The neo-Darwinian theory that one species gradually evolves into another species through the slow accumulation of minute changes over extremely long periods of time is contradicted by the fossil record, including the hominid fossil record.1 Stephen J. Gould pointed out that ‘we still have no firm evidence for any progressive change within any hominid species’.2 Instead, species persist unchanged for millions of years, and these periods are followed by the sudden appearance of several new species. This prompted the development of the modified Darwinian theory of punctuated equilibrium, first proposed by Gould and Niles Eldredge in 1972, which says that new species split off from ancestral species so rapidly that there is little chance of a smooth series of transitional fossils being preserved.

However, the probability of the right random genetic variations (amidst all the unfavourable ones) occurring and being ‘selected for’ within a very short space of time, leading to the appearance of a new species, is even more remote than the prospect of such changes occurring over a very long period.

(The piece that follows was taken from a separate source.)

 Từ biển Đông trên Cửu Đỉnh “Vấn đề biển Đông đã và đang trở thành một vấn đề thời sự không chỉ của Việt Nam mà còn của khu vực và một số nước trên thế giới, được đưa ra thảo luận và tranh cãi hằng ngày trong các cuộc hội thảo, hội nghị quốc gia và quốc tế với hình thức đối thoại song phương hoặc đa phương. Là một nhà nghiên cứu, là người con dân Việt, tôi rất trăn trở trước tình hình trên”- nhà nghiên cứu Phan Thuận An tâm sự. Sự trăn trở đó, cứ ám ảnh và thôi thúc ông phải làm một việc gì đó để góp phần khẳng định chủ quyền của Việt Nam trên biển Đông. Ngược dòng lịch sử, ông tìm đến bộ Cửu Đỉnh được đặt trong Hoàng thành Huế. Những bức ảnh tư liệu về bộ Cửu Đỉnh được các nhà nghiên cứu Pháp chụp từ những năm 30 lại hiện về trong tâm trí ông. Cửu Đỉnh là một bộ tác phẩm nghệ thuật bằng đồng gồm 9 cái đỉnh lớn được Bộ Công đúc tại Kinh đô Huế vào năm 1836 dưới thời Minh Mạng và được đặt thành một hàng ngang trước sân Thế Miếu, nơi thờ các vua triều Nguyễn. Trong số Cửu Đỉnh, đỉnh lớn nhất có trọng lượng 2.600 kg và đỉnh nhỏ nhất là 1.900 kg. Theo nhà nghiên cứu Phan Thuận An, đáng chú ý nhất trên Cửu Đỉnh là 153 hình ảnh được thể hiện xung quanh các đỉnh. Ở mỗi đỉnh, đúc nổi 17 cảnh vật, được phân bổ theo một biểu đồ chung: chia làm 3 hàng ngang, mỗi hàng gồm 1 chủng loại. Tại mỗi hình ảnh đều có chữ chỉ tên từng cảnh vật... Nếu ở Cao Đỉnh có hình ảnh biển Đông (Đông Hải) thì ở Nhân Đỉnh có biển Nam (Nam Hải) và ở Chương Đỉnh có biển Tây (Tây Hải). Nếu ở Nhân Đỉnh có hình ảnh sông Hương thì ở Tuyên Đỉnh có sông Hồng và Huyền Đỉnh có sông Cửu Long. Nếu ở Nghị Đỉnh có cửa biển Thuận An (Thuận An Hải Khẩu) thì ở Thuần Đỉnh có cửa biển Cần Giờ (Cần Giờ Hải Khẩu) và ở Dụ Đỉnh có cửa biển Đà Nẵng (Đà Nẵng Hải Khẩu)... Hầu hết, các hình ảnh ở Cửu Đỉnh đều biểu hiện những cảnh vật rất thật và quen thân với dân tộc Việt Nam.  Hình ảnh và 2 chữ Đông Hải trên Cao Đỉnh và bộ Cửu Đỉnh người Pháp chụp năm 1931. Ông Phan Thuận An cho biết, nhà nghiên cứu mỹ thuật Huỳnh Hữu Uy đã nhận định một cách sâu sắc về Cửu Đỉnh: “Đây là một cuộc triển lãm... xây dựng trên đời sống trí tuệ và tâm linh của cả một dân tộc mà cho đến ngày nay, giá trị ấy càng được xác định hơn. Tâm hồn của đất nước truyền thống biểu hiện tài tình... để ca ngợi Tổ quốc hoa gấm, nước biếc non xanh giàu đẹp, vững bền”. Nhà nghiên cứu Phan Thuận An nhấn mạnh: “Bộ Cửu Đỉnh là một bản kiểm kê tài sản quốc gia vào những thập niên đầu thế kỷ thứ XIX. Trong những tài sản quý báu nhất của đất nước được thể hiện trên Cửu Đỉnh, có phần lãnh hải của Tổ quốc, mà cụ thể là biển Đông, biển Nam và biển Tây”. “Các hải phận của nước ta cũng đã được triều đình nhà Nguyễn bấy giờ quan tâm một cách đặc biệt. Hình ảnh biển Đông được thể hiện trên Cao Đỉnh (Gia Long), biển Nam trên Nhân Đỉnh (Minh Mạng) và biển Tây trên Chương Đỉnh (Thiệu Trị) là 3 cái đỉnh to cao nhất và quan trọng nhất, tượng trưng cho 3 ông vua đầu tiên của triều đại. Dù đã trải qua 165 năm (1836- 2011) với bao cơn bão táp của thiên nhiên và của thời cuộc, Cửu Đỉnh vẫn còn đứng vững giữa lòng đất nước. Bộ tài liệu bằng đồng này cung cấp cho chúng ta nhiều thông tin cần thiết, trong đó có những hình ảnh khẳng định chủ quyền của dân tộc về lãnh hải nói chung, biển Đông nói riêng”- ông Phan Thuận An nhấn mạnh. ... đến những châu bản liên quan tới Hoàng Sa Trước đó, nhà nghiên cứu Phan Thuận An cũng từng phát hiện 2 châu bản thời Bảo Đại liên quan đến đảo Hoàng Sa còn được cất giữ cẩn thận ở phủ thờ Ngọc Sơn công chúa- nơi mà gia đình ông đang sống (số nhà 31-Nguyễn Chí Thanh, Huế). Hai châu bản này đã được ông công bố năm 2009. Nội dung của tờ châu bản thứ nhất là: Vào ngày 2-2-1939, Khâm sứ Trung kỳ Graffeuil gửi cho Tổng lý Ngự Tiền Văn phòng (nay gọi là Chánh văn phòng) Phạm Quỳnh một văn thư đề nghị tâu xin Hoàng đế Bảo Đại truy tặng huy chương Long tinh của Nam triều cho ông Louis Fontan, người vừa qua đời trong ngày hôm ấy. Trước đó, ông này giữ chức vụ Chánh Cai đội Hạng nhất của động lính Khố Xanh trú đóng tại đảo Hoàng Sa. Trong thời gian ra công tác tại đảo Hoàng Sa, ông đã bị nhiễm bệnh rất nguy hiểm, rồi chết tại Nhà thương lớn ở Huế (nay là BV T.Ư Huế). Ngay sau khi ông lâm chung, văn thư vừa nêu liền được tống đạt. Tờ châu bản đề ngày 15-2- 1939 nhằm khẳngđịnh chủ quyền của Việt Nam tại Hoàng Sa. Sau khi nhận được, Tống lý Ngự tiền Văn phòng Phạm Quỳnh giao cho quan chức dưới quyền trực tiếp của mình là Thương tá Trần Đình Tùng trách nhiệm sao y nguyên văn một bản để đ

The vast majority of genetic mutations are harmful or even lethal. In the 1950s geneticist J.B.S. Haldane showed that, even under very favourable assumptions, only one new, beneficial mutation could be completely substituted in a population every 300 generations. So in 10 million years – far longer than the time that has elapsed since the alleged chimp/human split from a common ancestor – only 1667 substitutions of beneficial genes could occur.3 This amounts to three ten-millionths of the human genome – which is hardly likely to turn an ape into a human.